LES CONVULSIONS DE PARIS

TOME TROISIÈME. — LES SAUVETAGES PENDANT LA COMMUNE

 

CHAPITRE DEUXIÈME. — LA BANQUE DE FRANCE.

 

 

II. — LES MOYENS DE DÉFENSE.

 

Ce que fait la Banque pendant la journée du 18 mars. — On ferme les grilles. — On fait demander du secours. — En reconnaissance. — Les assassinats à Montmartre. — Les constructions de la Banque. — Position militaire. — Sous les armes. — Branle-bas de combat. — Postes désignés d'avance. — Velléités de résistance à Paris. — Pas de munitions. — La Banque sur la défensive. — Les patrouilles. — Vigilance.

 

Le 18 mars, pendant que les fédérés des buttes Montmartre assassinaient le général Lecomte et Clément Thomas, le conseil général de la Banque, présidé par le gouverneur, délibérait afin de donner au commerce des facilités de payement relatives aux effets prorogés qu'une loi, criminelle à force de maladresse, venait de rendre exigibles. On se savait trop rien de ce qui se passait. Toute la nuit on avait entendu sonner l'alarme et battre la générale ; on se doutait bien qu'une action était engagée, mais on croyait que l'on se rendrait maître, sans trop de difficultés, de ces canons que l'on avait imprudemment laissé à la population le loisir de traîner sur les points élevés qui dominent Paris. Les premières nouvelles arrivèrent à la Banque vers deux heures de l'après-midi ; elles n'étaient point rassurantes. Les quartiers populaires étaient soulevés ; presque partout les soldats se désarmaient eux-mêmes et échangeaient des accolades avec, les émeutiers ; seuls les gardes de Paris, les gendarmes et les gardiens de la paix avaient fait leur devoir et s'étaient vus forcés de rétrograder devant la masse insurgée qui les repoussait. On disait que des généraux étaient prisonniers, que la population restait indécise ; on ajoutait que les membres du gouvernement, réunis au ministère des affaires étrangères, discutaient entre eux et paraissaient ne savoir à quel parti s'arrêter.

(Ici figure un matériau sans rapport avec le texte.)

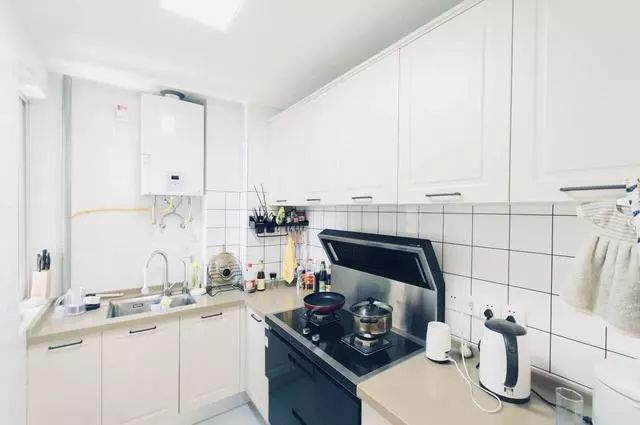 里面是厨房,使用了集成灶,这样能够为厨房节省不少的空间,同样房间整体依然是白色为主,这样也看起来显得干净优雅。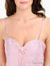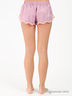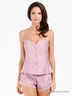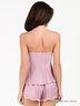 Женский комплект состоит из топа и шорт. Выполнен из натурального шелка с жаккардовым плетением. Топ на тонких регулируемых бретелях декорирован спереди сетчатой вставкой со шнуровкой. Шорты с отрезным поясом посажены на резинку сзади, проймы с сетчатой окантовкой.

C'était grave ; la Banque pensa aux richesses qu'elle renfermait, et estima qu'elle devait être protégée contre une irruption possible de l'émeute. Derrière les portes closes, on ferma les grilles ; les employés s'armèrent et se tinrent prêts. On crut bon de faire appuyer les compagnies de la Banque par quelques soldats de l'armée régulière, et le gouverneur chargea le contrôleur, M. Chazal, d'aller chez le général Vinoy lui demander de faire diriger sur l'hôtel de La Vrillière une compagnie de gendarmes qui était de service à la mairie 1er arrondissement. Le colonel Filippi, sous-chef d'état-major, délivra l'ordre demandé, tout en disant à M. Chazal qu'on ne pourrait probablement pas l'exécuter. A l'état-major, on fait ses préparatifs pour se mettre en retraite, car on vient de recevoir une dépêche qui prescrit de se retirer sur Versailles. Les nouvelles sont tout à fait mauvaises et exagérées : on dit que l'insurrection menace l'Hôtel de Ville et qu'elle s'est déjà emparée de la Préfecture de police. Lorsque M. Chazal revint à la Banque, les gendarmes avaient rallié les débris d'armée qui se repliaient. La Banque allait rester livrée à elle-même, n'ayant plus à son service d'autres forces militaires que son bataillon d'employés, car la compagnie de ligne qui gardait le poste placé à l'angle de la rue de la Vrillière et de la rue Radziwill devait partir le lendemain pour rejoindre le régiment dont elle faisait partie.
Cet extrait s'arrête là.